**EXERCISE**
With the pictures left aside, write out exactly the lines of the listing below from the line with "Arad împreună cu" to the line with "- 网格上的控制中心和应用节", both included, and only those.
(RECORD EXTRACTS begins)
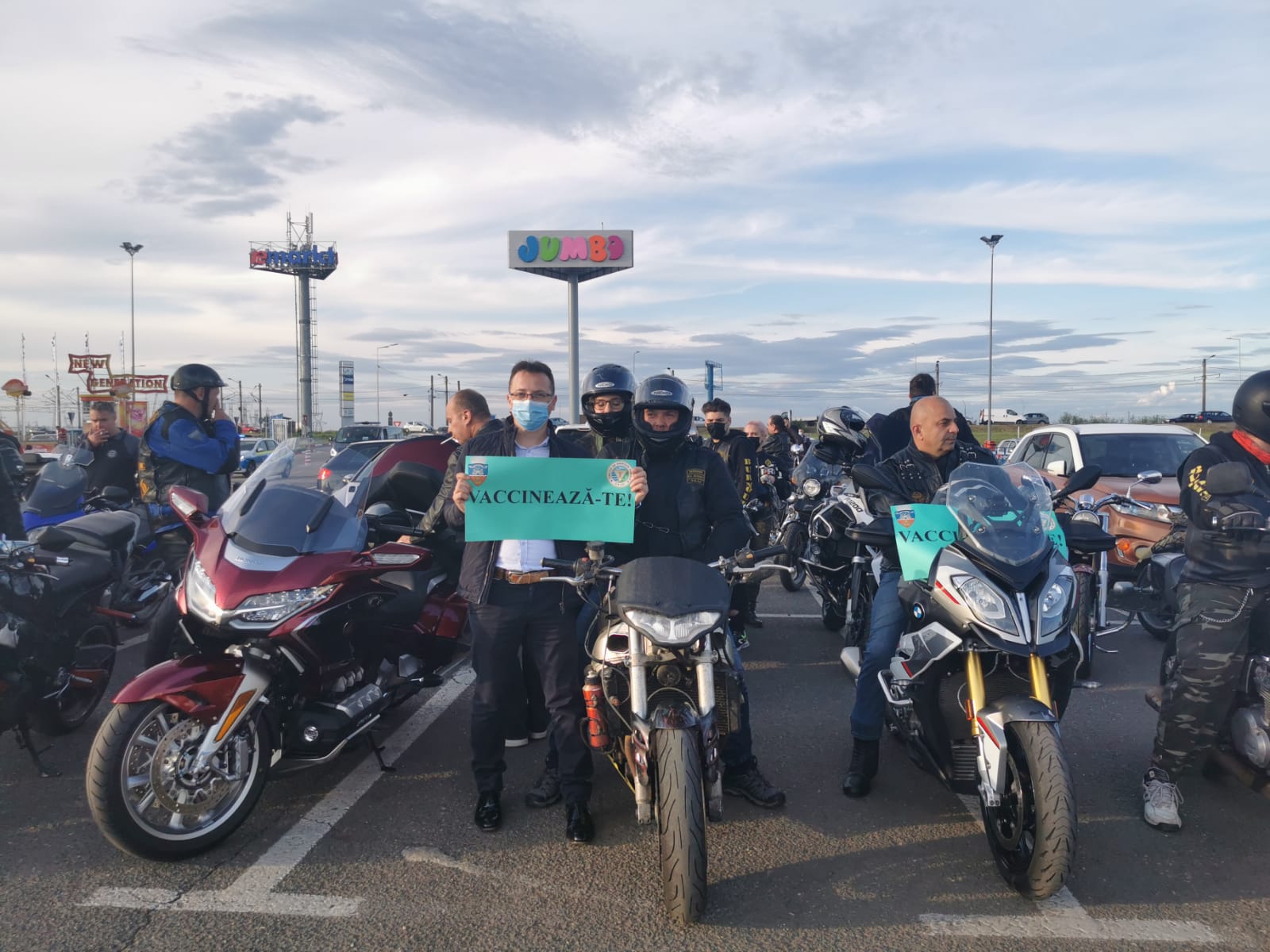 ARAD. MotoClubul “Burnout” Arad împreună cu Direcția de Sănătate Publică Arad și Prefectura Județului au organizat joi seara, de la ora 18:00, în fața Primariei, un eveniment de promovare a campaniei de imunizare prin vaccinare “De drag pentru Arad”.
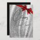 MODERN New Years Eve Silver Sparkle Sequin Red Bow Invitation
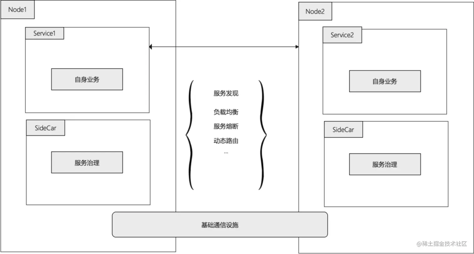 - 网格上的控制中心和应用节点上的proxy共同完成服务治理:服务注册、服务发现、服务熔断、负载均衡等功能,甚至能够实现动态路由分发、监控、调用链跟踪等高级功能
(RECORD EXTRACTS ends)
(RECORD EXTRACTS begins)
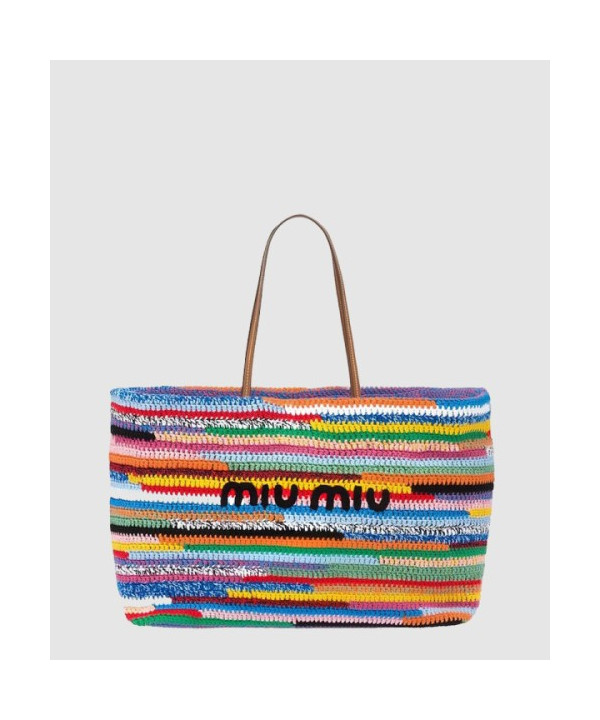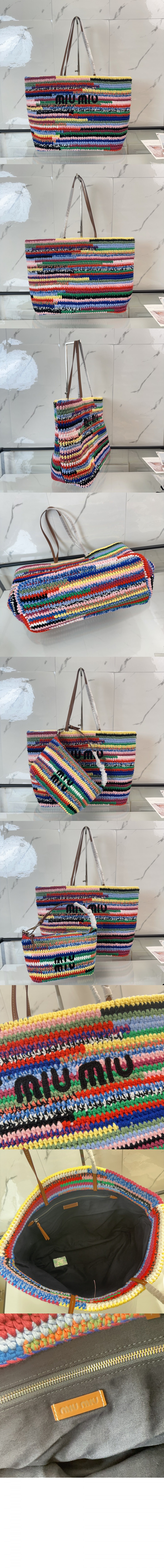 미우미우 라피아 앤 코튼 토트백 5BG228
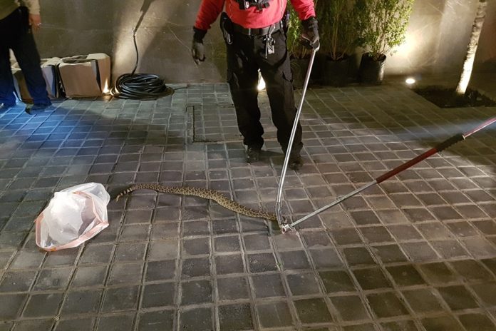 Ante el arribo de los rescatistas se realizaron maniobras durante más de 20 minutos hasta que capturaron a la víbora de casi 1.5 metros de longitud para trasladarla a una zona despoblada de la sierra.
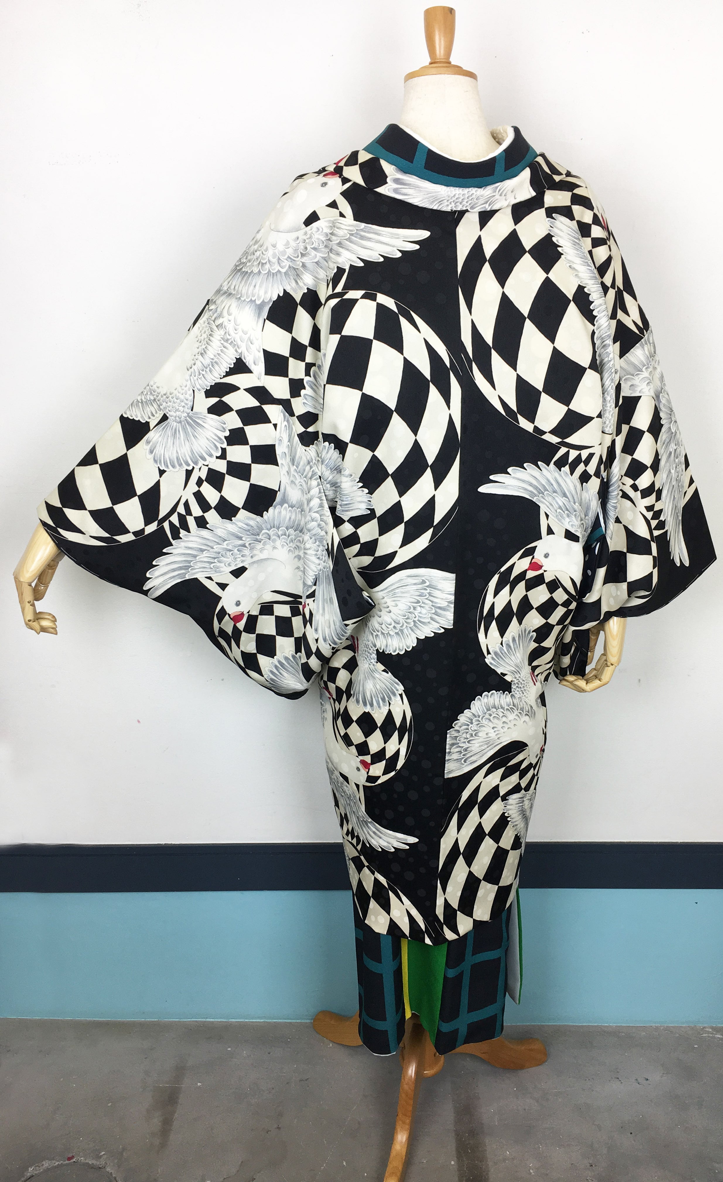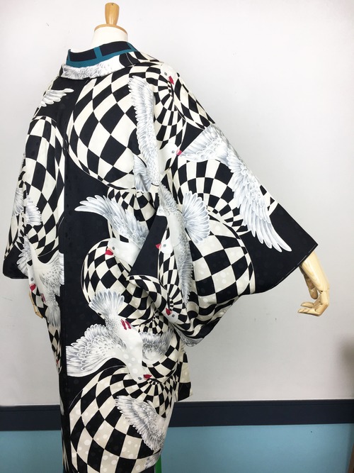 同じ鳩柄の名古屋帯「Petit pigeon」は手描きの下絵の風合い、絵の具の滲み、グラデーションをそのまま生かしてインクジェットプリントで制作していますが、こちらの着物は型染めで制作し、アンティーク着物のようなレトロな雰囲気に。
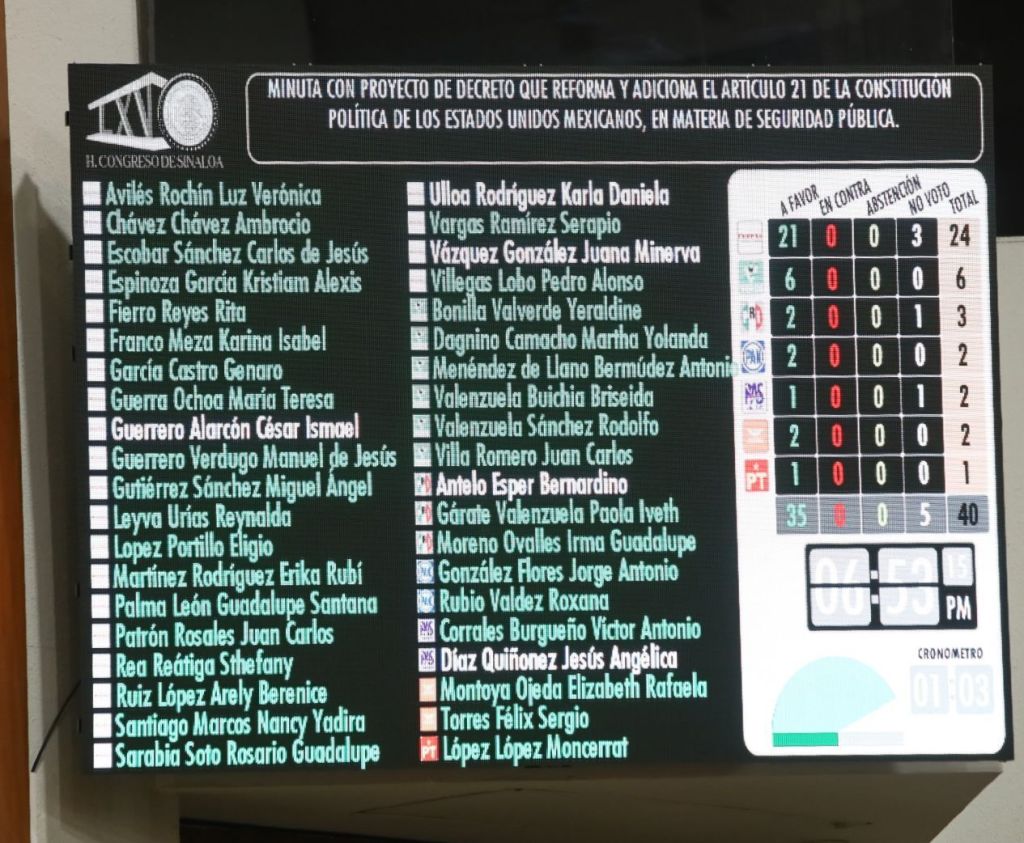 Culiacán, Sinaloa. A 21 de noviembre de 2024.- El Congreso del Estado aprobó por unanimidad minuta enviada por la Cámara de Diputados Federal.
(RECORD EXTRACTS ends)
(RECORD EXTRACTS begins)
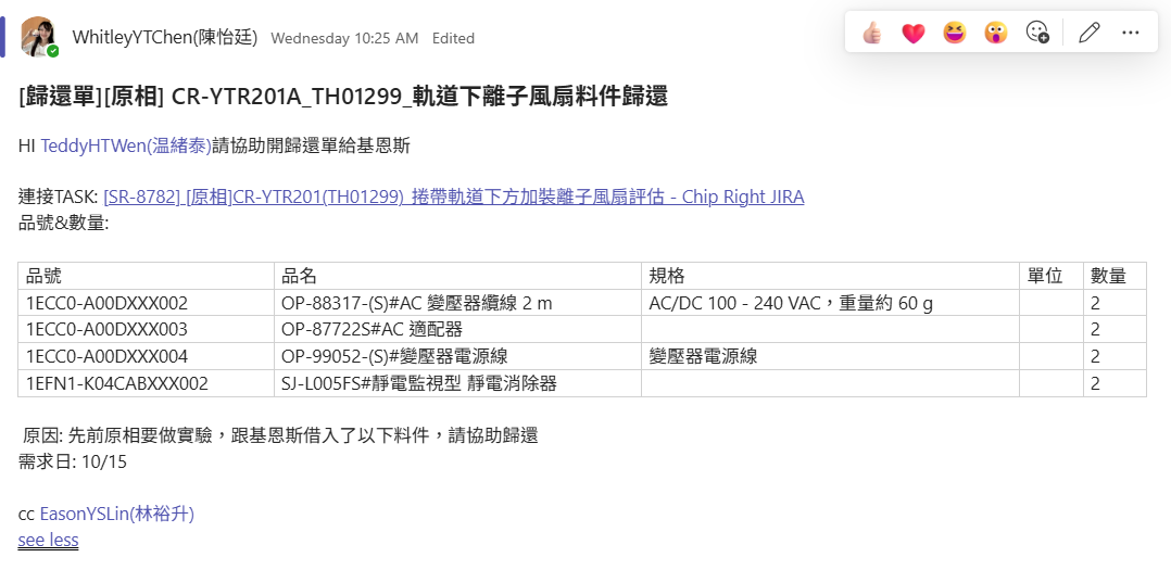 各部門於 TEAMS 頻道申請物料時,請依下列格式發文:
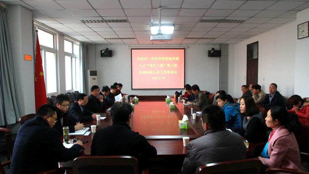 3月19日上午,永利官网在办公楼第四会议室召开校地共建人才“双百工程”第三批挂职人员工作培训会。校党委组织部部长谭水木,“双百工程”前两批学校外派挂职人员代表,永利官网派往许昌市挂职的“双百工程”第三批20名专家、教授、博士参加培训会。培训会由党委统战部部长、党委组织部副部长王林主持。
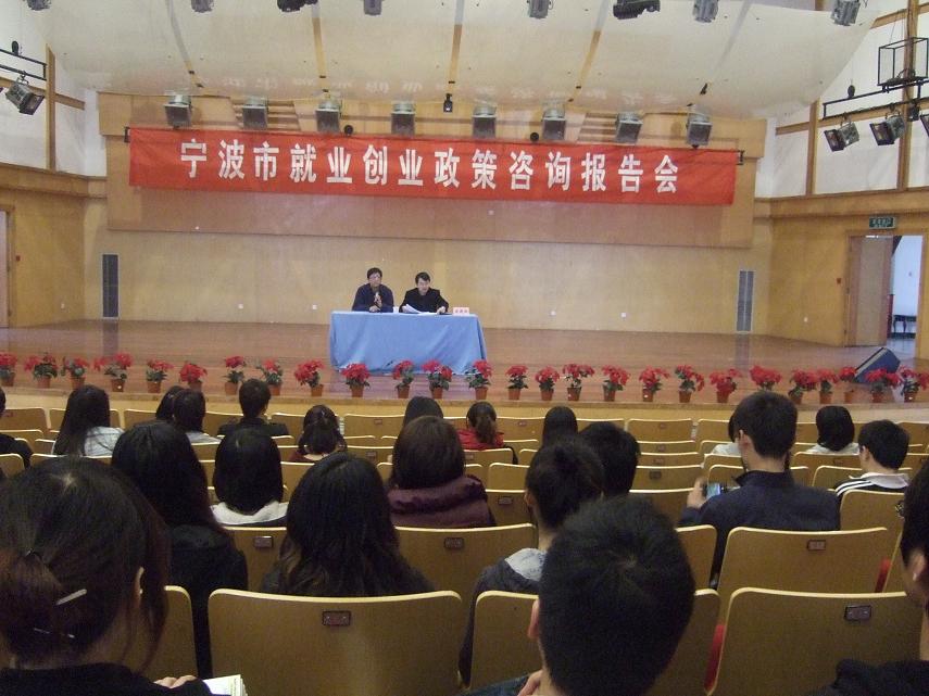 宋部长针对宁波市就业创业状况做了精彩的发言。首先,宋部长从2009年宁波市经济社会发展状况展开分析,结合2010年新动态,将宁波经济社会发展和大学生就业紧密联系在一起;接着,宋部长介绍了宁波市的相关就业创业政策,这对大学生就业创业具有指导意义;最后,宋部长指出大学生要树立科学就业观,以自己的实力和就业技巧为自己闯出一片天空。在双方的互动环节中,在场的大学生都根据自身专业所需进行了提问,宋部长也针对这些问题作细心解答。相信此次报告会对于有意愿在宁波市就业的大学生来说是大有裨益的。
(RECORD EXTRACTS ends)
**YOUR RESPONSE**
 ARAD. MotoClubul “Burnout” Arad împreună cu Direcția de Sănătate Publică Arad și Prefectura Județului au organizat joi seara, de la ora 18:00, în fața Primariei, un eveniment de promovare a campaniei de imunizare prin vaccinare “De drag pentru Arad”.
 MODERN New Years Eve Silver Sparkle Sequin Red Bow Invitation
 - 网格上的控制中心和应用节点上的proxy共同完成服务治理:服务注册、服务发现、服务熔断、负载均衡等功能,甚至能够实现动态路由分发、监控、调用链跟踪等高级功能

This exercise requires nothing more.